**Task statement:**
Give back an exact repetition of the material below, from its first line through the line that contains "Womens Dragon Flame", both included, minus the pictures.

**Supplied material:**
---

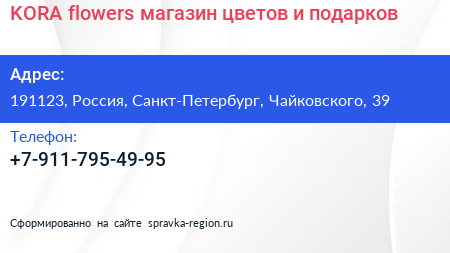 KORA flowers, магазин цветов и подарков по адресу 191123, Россия, Санкт-Петербург, Чайковского, 39 в дальнейшем Организация, размещена в следующих категориях:
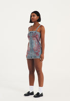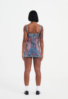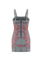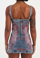 Womens Dragon Flame Denim Mini Dress - Mid Blue
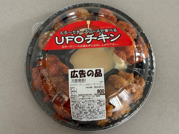 真ん中にあるチーズソースは「温めずにお召し上がりください」とのこと。チーズは冷たいままチキンをディップして食べます。チーズ部分に蓋がないので持ち帰るときにチーズがこぼれてしまったのが残念ポイントでした。一つの容器にチーズとチキンがのっているため、温める際にチキンを一度取り出す手間があるのも含めると、容器だけ別になっていると嬉しいなと思いました。

---

**Solution:**
 KORA flowers, магазин цветов и подарков по адресу 191123, Россия, Санкт-Петербург, Чайковского, 39 в дальнейшем Организация, размещена в следующих категориях:
 Womens Dragon Flame Denim Mini Dress - Mid Blue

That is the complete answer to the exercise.